◆ SOURCE DATA ◆
-=-=-=-=-

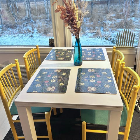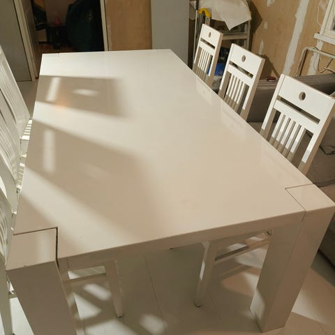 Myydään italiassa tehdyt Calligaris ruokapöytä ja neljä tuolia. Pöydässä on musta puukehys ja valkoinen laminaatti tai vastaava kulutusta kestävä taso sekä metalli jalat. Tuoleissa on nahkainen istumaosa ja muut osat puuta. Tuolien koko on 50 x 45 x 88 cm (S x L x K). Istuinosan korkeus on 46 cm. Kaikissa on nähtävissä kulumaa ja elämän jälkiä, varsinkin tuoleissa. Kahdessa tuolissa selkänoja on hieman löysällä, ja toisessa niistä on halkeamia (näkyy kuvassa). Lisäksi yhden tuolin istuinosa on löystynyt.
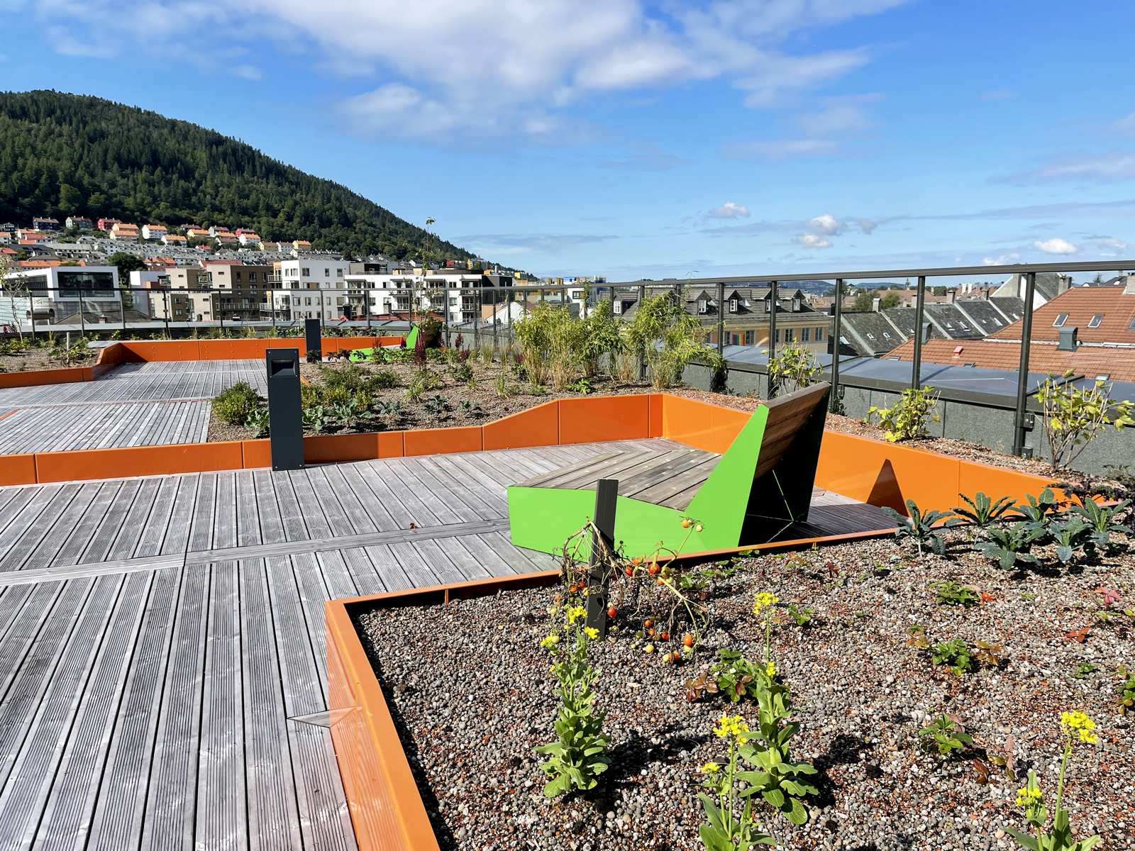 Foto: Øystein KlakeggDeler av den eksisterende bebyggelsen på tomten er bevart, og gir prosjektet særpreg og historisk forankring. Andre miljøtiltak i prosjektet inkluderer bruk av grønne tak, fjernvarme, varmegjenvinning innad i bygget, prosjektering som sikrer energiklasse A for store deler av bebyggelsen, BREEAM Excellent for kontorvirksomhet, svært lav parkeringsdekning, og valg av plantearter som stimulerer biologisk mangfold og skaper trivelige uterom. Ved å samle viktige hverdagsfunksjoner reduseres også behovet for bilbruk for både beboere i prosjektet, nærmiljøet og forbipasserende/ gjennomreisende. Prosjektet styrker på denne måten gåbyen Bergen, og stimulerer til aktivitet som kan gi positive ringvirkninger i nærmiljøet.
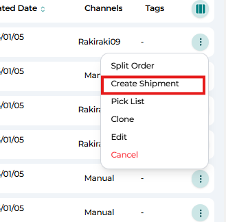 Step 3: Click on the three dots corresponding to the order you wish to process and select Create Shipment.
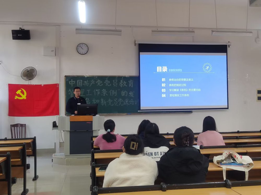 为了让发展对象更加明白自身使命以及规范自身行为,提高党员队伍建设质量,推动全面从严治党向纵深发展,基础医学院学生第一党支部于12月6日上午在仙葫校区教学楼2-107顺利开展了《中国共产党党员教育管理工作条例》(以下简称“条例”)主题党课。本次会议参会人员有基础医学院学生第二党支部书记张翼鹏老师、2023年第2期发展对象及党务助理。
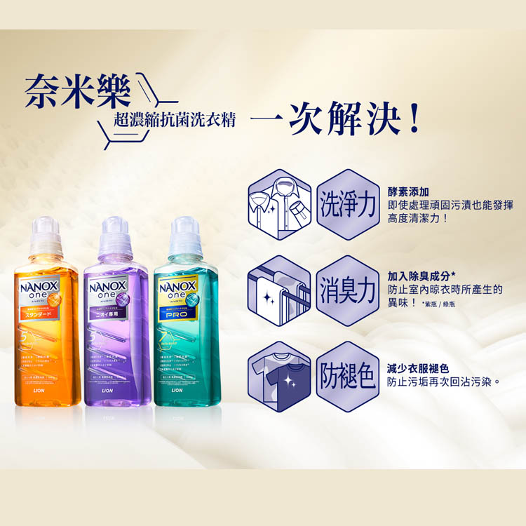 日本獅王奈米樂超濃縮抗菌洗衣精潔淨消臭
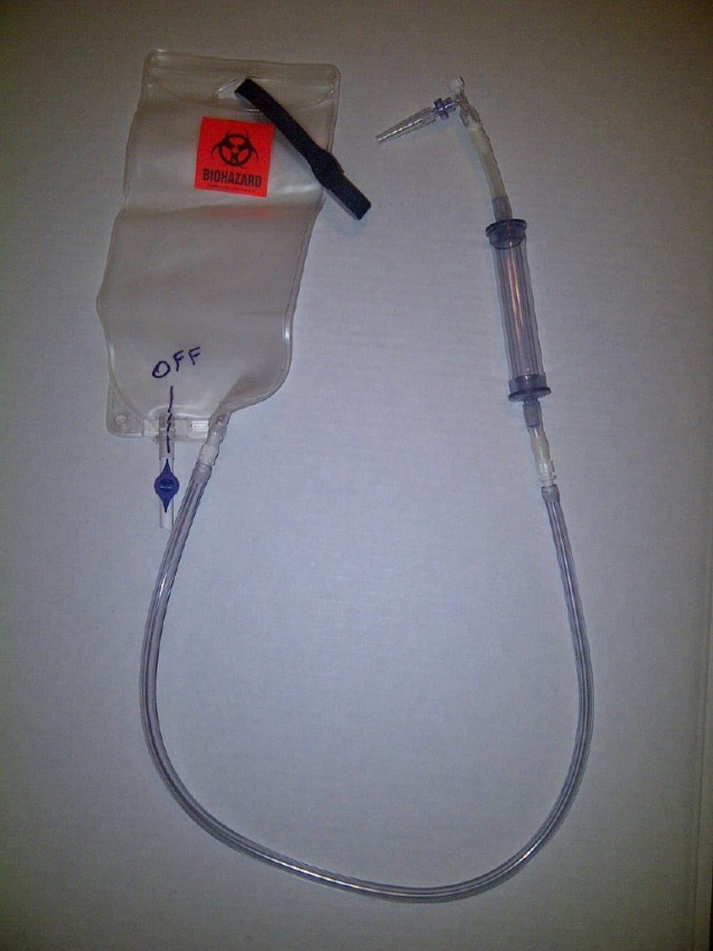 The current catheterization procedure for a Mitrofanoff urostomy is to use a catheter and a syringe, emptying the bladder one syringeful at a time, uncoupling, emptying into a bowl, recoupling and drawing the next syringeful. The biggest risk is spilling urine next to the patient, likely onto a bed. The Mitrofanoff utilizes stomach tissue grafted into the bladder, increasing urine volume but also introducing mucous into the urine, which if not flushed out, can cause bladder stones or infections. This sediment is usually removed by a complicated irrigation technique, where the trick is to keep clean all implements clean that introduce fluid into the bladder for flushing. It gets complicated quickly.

-=-=-=-=-

◆ WHAT IS BEING ASKED ◆
Except for pictures, copy the records above exactly.

◆ OUTPUT BELOW ◆
 Myydään italiassa tehdyt Calligaris ruokapöytä ja neljä tuolia. Pöydässä on musta puukehys ja valkoinen laminaatti tai vastaava kulutusta kestävä taso sekä metalli jalat. Tuoleissa on nahkainen istumaosa ja muut osat puuta. Tuolien koko on 50 x 45 x 88 cm (S x L x K). Istuinosan korkeus on 46 cm. Kaikissa on nähtävissä kulumaa ja elämän jälkiä, varsinkin tuoleissa. Kahdessa tuolissa selkänoja on hieman löysällä, ja toisessa niistä on halkeamia (näkyy kuvassa). Lisäksi yhden tuolin istuinosa on löystynyt.
 Foto: Øystein KlakeggDeler av den eksisterende bebyggelsen på tomten er bevart, og gir prosjektet særpreg og historisk forankring. Andre miljøtiltak i prosjektet inkluderer bruk av grønne tak, fjernvarme, varmegjenvinning innad i bygget, prosjektering som sikrer energiklasse A for store deler av bebyggelsen, BREEAM Excellent for kontorvirksomhet, svært lav parkeringsdekning, og valg av plantearter som stimulerer biologisk mangfold og skaper trivelige uterom. Ved å samle viktige hverdagsfunksjoner reduseres også behovet for bilbruk for både beboere i prosjektet, nærmiljøet og forbipasserende/ gjennomreisende. Prosjektet styrker på denne måten gåbyen Bergen, og stimulerer til aktivitet som kan gi positive ringvirkninger i nærmiljøet.
 Step 3: Click on the three dots corresponding to the order you wish to process and select Create Shipment.
 为了让发展对象更加明白自身使命以及规范自身行为,提高党员队伍建设质量,推动全面从严治党向纵深发展,基础医学院学生第一党支部于12月6日上午在仙葫校区教学楼2-107顺利开展了《中国共产党党员教育管理工作条例》(以下简称“条例”)主题党课。本次会议参会人员有基础医学院学生第二党支部书记张翼鹏老师、2023年第2期发展对象及党务助理。
 日本獅王奈米樂超濃縮抗菌洗衣精潔淨消臭
 The current catheterization procedure for a Mitrofanoff urostomy is to use a catheter and a syringe, emptying the bladder one syringeful at a time, uncoupling, emptying into a bowl, recoupling and drawing the next syringeful. The biggest risk is spilling urine next to the patient, likely onto a bed. The Mitrofanoff utilizes stomach tissue grafted into the bladder, increasing urine volume but also introducing mucous into the urine, which if not flushed out, can cause bladder stones or infections. This sediment is usually removed by a complicated irrigation technique, where the trick is to keep clean all implements clean that introduce fluid into the bladder for flushing. It gets complicated quickly.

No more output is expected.